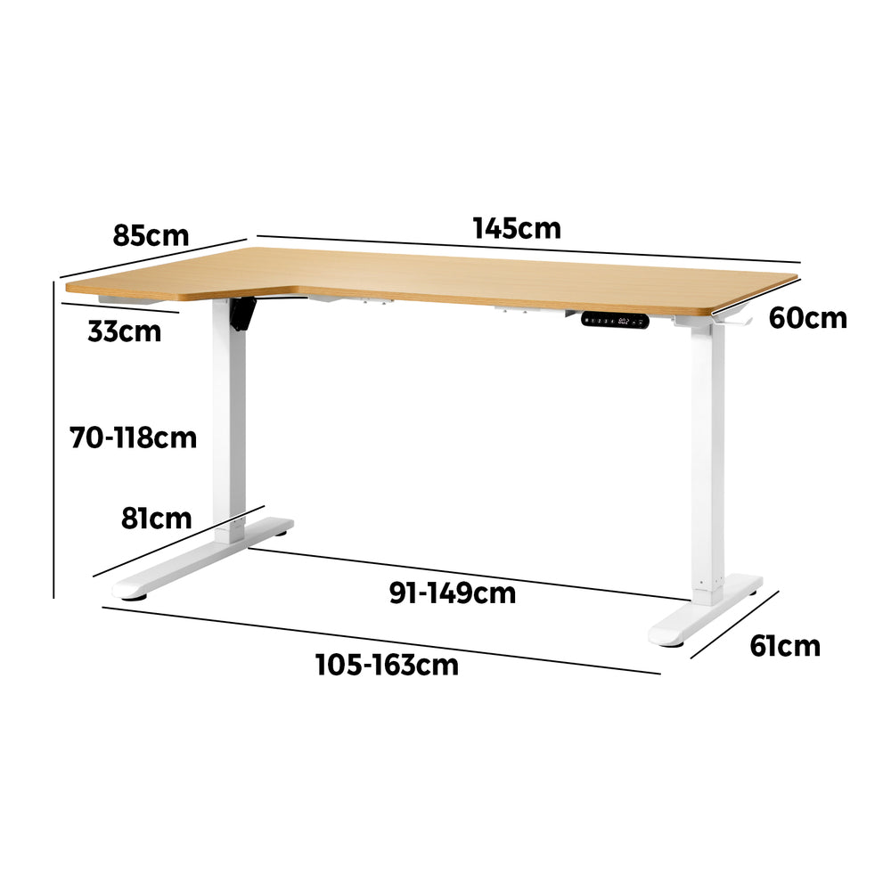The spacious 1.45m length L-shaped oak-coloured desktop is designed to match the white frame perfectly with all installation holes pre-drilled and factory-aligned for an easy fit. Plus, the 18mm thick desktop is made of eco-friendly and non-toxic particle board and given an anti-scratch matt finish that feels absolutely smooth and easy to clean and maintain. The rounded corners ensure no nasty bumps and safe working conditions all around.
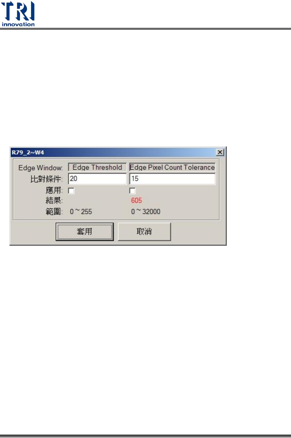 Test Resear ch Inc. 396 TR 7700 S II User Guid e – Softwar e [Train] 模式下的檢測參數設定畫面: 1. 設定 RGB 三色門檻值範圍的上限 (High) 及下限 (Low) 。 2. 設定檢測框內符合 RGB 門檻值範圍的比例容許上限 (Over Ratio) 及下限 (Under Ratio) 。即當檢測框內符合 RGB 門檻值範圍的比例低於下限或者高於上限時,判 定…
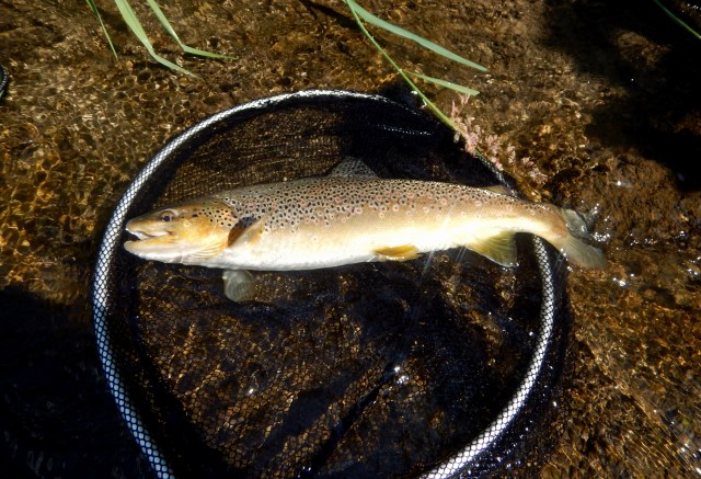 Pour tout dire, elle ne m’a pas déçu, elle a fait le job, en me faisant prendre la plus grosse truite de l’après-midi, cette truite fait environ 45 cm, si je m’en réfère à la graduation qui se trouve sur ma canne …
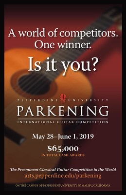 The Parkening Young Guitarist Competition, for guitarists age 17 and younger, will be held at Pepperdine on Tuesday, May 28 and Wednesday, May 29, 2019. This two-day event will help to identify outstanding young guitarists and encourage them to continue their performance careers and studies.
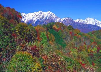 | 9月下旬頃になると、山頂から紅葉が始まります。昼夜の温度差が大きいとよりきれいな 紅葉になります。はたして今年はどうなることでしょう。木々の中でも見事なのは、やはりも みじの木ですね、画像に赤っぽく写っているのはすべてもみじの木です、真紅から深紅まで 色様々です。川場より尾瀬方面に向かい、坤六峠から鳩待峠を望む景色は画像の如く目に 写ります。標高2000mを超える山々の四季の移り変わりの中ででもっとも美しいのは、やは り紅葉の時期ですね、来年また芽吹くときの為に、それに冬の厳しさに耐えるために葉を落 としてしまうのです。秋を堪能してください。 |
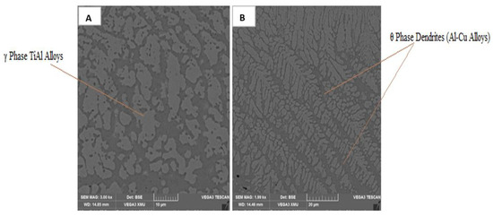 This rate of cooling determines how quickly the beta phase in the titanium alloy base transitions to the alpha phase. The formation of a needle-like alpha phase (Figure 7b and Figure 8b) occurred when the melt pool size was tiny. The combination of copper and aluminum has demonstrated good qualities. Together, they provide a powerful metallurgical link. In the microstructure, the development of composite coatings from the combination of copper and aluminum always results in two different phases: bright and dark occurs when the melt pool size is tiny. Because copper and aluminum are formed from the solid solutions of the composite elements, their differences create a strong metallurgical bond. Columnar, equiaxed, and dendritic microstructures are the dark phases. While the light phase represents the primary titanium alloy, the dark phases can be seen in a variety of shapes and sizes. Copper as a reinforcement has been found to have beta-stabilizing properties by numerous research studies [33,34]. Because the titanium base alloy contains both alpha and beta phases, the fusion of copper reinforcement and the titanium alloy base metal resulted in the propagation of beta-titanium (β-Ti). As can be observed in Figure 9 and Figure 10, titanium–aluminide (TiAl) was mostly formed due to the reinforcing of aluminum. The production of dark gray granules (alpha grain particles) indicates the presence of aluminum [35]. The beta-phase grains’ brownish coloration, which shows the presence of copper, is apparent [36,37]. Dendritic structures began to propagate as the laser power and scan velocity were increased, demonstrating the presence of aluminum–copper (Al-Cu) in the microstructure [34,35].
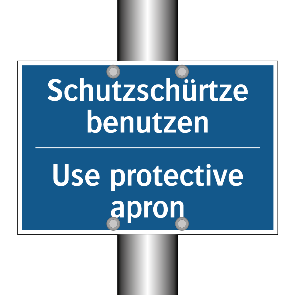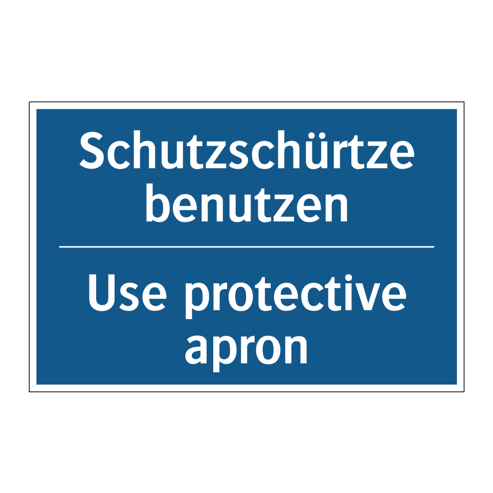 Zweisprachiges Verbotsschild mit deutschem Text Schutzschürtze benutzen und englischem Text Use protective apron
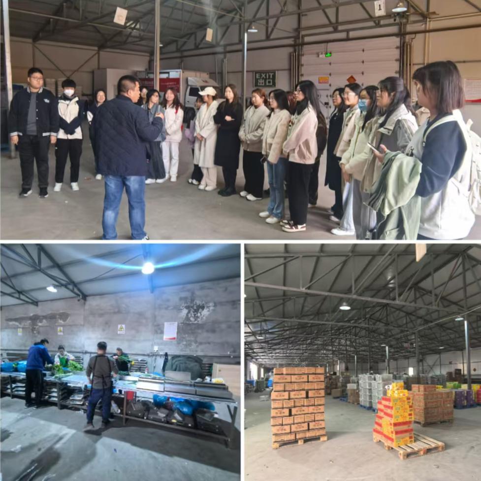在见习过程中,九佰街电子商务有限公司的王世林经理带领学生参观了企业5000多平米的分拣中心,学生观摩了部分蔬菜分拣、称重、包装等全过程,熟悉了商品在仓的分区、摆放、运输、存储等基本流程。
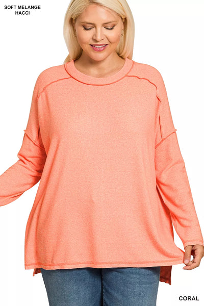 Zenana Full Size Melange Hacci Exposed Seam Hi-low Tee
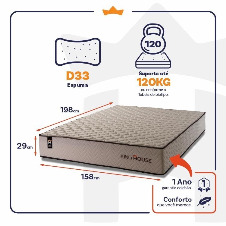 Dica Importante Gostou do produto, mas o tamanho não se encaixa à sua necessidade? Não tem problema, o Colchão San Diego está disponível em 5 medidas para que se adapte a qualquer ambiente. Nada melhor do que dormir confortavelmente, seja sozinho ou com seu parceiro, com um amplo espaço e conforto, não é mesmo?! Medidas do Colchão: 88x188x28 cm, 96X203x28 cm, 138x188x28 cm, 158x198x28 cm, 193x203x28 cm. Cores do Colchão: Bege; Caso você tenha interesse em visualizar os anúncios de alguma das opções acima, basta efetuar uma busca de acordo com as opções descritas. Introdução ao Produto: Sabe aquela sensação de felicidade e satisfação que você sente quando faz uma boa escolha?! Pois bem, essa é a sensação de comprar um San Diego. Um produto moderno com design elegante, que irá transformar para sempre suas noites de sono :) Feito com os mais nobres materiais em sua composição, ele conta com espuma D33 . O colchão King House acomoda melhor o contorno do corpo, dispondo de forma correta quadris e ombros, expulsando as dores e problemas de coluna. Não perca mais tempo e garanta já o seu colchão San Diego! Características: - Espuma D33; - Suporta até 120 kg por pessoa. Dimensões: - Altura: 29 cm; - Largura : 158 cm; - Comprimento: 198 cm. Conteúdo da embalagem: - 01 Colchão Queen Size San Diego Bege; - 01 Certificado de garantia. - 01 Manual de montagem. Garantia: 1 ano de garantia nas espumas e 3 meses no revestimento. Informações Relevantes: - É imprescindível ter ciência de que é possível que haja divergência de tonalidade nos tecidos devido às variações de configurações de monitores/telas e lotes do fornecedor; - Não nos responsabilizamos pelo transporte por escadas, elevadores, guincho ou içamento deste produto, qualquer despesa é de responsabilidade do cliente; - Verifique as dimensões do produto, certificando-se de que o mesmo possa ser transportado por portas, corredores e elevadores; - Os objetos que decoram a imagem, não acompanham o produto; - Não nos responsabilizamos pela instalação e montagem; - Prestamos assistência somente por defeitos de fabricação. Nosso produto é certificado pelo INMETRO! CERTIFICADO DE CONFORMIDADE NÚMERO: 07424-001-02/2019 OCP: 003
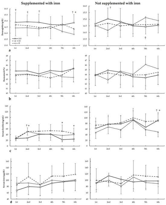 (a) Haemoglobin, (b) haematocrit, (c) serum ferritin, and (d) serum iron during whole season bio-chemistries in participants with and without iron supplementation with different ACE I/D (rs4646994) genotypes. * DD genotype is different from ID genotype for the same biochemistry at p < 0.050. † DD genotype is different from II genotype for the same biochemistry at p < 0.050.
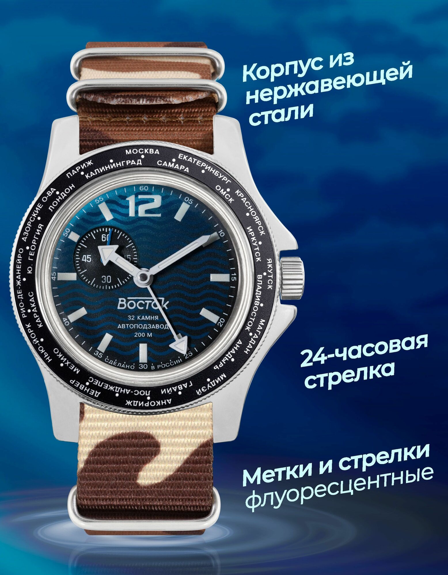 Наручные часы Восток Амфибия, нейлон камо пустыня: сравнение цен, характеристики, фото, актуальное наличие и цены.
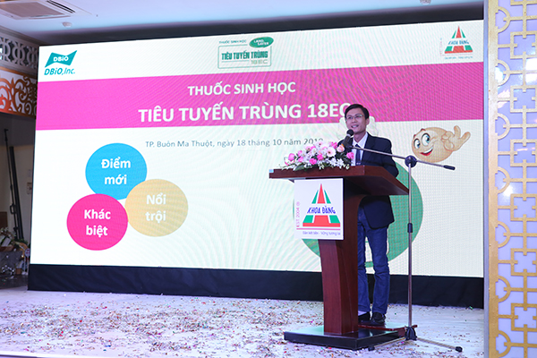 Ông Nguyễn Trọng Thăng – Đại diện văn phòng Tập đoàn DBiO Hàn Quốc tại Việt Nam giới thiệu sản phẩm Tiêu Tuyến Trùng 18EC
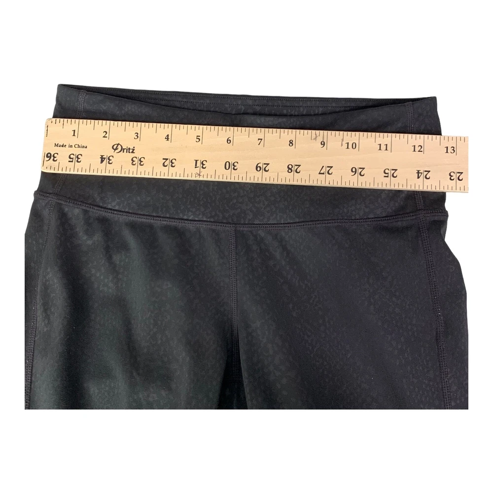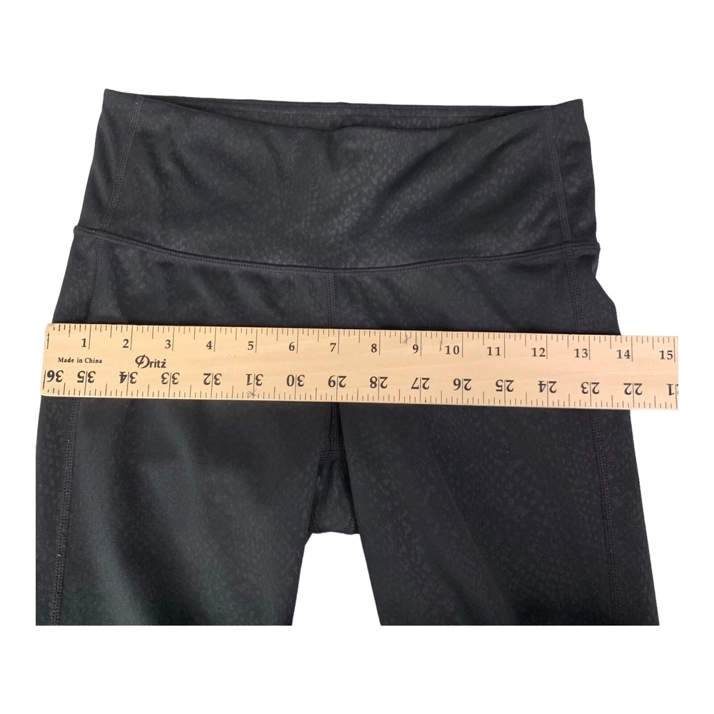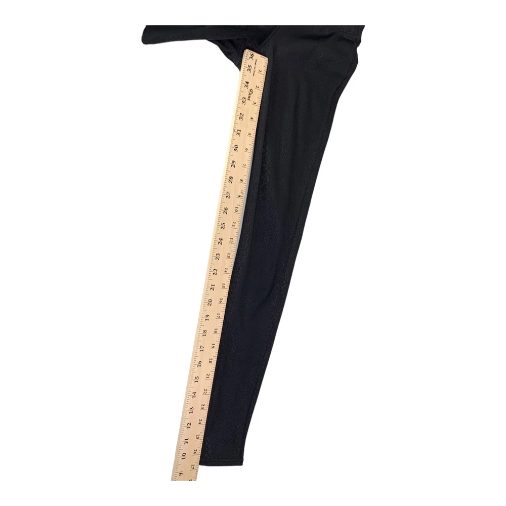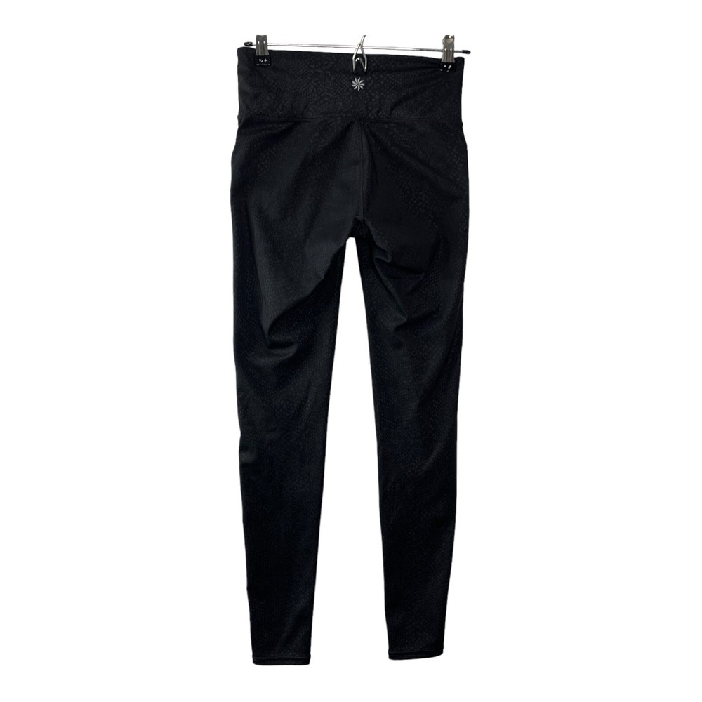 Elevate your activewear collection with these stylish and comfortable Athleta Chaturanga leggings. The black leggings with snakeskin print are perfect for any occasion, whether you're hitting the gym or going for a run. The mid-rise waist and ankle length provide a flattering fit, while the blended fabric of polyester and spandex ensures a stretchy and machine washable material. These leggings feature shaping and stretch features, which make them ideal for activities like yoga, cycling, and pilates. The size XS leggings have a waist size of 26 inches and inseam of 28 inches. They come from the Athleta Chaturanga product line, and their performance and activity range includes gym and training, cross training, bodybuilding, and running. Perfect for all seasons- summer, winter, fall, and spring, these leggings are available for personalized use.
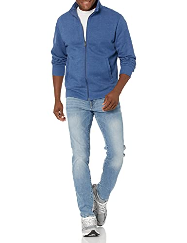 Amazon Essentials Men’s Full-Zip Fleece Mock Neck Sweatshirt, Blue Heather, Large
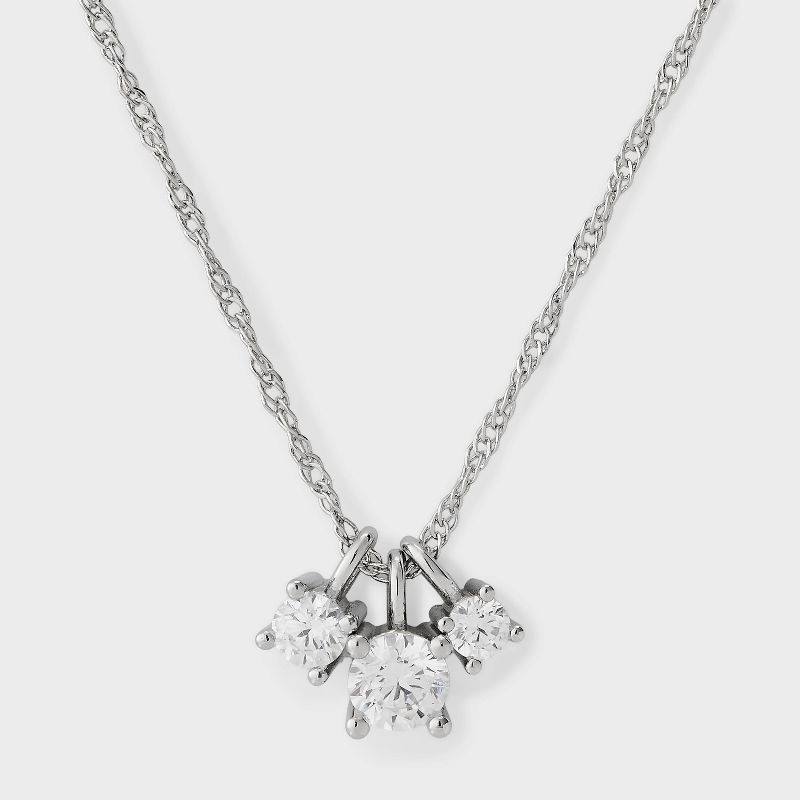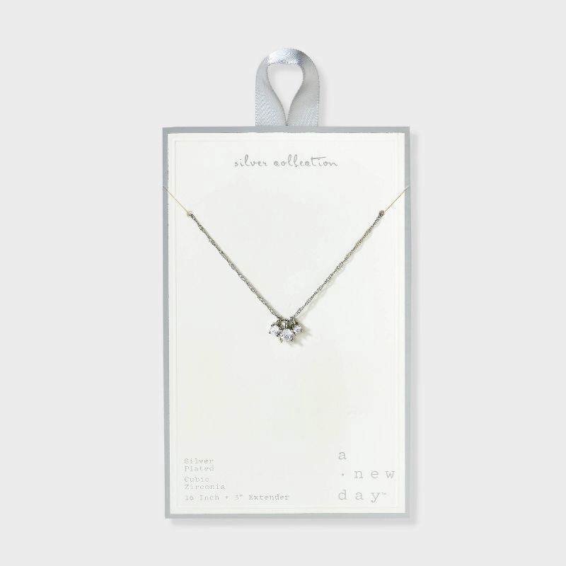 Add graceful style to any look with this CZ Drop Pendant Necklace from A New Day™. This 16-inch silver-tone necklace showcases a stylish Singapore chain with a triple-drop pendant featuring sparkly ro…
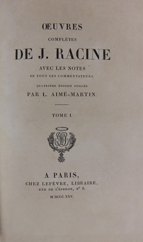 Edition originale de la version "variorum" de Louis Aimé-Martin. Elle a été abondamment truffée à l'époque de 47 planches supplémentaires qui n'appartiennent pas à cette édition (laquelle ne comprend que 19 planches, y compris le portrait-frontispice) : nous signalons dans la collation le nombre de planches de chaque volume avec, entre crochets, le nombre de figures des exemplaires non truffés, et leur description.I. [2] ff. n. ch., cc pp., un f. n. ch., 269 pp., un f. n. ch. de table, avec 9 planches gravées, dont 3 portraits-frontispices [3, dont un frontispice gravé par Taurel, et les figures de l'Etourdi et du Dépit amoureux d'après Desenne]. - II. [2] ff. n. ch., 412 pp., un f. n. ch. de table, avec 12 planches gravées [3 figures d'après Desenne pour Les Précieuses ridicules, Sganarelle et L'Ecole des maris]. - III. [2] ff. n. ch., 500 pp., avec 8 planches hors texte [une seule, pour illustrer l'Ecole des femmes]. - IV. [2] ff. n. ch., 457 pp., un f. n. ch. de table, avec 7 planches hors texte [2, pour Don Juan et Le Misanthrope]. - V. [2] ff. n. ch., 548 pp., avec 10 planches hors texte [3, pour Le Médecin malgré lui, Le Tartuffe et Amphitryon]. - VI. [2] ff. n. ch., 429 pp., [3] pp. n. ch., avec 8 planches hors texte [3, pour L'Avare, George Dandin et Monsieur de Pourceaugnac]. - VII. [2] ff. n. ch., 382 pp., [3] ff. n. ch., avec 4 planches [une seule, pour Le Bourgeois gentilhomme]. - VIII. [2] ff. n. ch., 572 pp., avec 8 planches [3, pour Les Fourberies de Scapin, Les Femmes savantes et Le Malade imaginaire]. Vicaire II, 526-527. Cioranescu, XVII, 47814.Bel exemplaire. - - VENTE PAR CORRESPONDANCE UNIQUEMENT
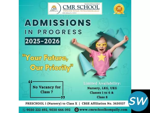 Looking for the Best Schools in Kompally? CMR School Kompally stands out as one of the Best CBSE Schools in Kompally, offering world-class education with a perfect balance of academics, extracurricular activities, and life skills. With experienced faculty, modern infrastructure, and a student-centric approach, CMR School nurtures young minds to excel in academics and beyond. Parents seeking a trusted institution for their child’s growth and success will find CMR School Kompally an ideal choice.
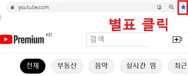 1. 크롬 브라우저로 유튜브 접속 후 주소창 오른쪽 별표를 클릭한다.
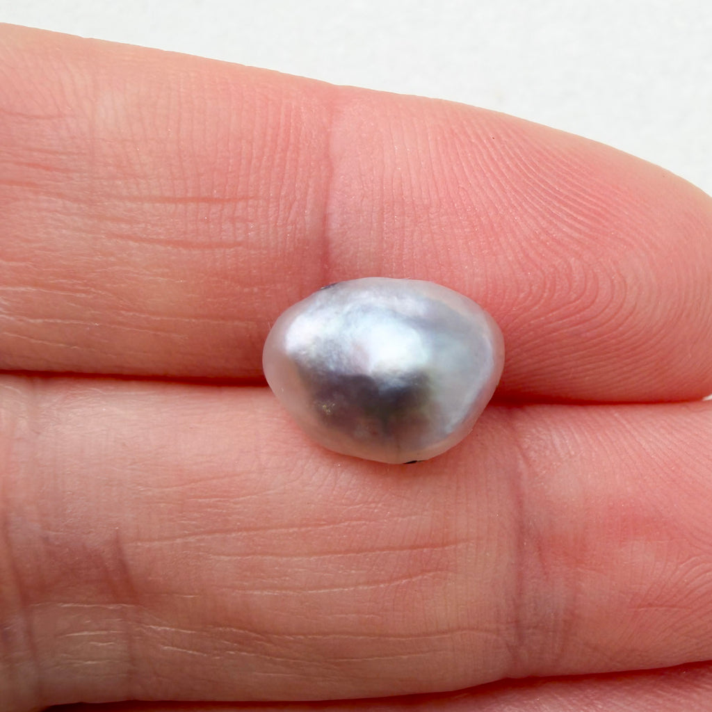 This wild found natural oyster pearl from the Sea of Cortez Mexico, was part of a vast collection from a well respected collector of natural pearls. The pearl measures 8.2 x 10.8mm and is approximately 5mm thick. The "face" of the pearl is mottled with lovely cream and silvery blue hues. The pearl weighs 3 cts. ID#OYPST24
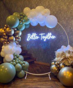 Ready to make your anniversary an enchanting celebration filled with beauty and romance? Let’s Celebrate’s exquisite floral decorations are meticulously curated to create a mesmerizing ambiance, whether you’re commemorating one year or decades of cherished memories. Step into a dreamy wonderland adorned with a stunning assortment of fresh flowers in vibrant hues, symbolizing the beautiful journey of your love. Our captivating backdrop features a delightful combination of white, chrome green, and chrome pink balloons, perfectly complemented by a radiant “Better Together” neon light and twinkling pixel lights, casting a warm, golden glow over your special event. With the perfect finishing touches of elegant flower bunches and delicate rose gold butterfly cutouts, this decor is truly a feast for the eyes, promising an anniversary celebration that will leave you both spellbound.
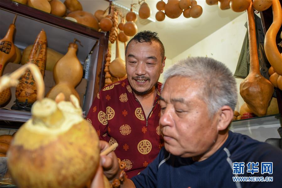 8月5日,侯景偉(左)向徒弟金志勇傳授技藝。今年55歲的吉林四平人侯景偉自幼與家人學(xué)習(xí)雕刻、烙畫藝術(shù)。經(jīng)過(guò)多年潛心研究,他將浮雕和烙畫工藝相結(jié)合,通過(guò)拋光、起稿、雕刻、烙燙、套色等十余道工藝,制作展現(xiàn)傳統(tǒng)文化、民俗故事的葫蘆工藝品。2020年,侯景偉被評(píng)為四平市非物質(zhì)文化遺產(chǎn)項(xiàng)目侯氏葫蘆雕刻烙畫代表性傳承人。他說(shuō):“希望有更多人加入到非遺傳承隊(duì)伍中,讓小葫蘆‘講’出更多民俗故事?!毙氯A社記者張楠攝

● **THE PROBLEM**:
Look above for the line containing "Elevate your activewear", then write out every line from there down to the line containing "Add graceful style", that line included, with no pictures.

● **ANSWER FOR THE TASK**:
 Elevate your activewear collection with these stylish and comfortable Athleta Chaturanga leggings. The black leggings with snakeskin print are perfect for any occasion, whether you're hitting the gym or going for a run. The mid-rise waist and ankle length provide a flattering fit, while the blended fabric of polyester and spandex ensures a stretchy and machine washable material. These leggings feature shaping and stretch features, which make them ideal for activities like yoga, cycling, and pilates. The size XS leggings have a waist size of 26 inches and inseam of 28 inches. They come from the Athleta Chaturanga product line, and their performance and activity range includes gym and training, cross training, bodybuilding, and running. Perfect for all seasons- summer, winter, fall, and spring, these leggings are available for personalized use.
 Amazon Essentials Men’s Full-Zip Fleece Mock Neck Sweatshirt, Blue Heather, Large
 Add graceful style to any look with this CZ Drop Pendant Necklace from A New Day™. This 16-inch silver-tone necklace showcases a stylish Singapore chain with a triple-drop pendant featuring sparkly ro…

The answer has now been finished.